Vom Rebstockbad ging es die Straße der Nationen entlang, vorbei an Grünbepflanzung und Bäumen. Hier und da glaubte Leif, Bewegung in den Büschen zu erkennen.

Leif fuhr dicht bei Conrad, darauf bedacht, den Soldaten im Auge zu behalten. Was auch immer Conrad im Rebstockbad gesehen hatte, er war wie ausgewechselt. Es schien ihm die Kraft geraubt zu haben. Er starrte stur geradeaus, trat mechanisch in die Pedale. Dabei murmelte er immer wieder etwas vor sich hin, was Leif nicht verstehen konnte. Die anderen Mitglieder ihrer Gruppe waren gleichermaßen ratlos.

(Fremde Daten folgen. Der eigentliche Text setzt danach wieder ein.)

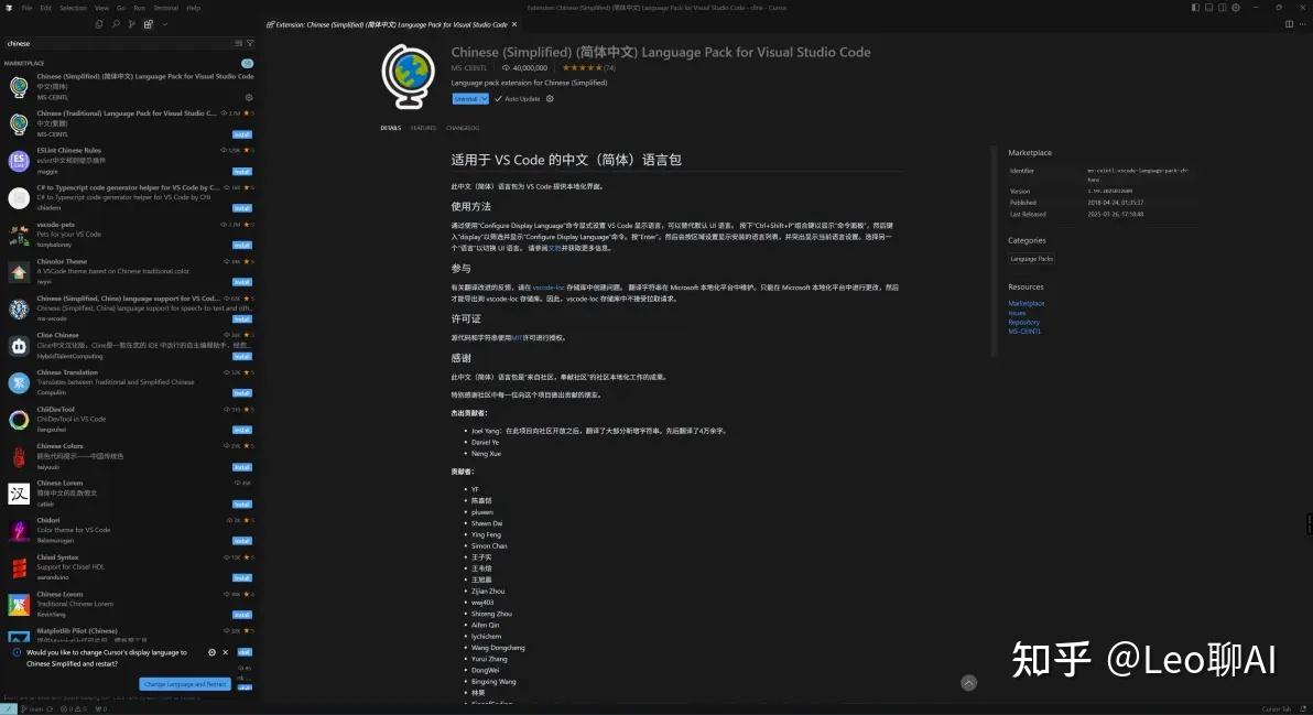 主包只能说:Cursor不开源,我没有办法对其进行汉化。但是!Cursor本身是在VS Code基础上魔改的,所以只要汉化VS Code,就一定程度上能汉化Cursor.

Leif machte sich Sorgen. Die ganze Zeit über war Conrad ein Fels in der Brandung gewesen, jemand, der entweder immer einen Ausweg kannte oder bei Mutlosigkeit das rechte Wort wusste, das einen wieder auf die Beine brachte. Selbst in der Gewalt von Reuters Soldaten hatte Conrad den Mut nicht verloren und sie mit einer geschickten, wenn auch sehr riskanten Aktion befreit.

Ihn so zu sehen, so gebrochen, das zerriss einem fast das Herz. Leif wollte gar nicht weiter darüber nachdenken. Er konnte nur hoffen, dass Conrad sich bald wieder von diesem Schock erholte. Denn falls nicht …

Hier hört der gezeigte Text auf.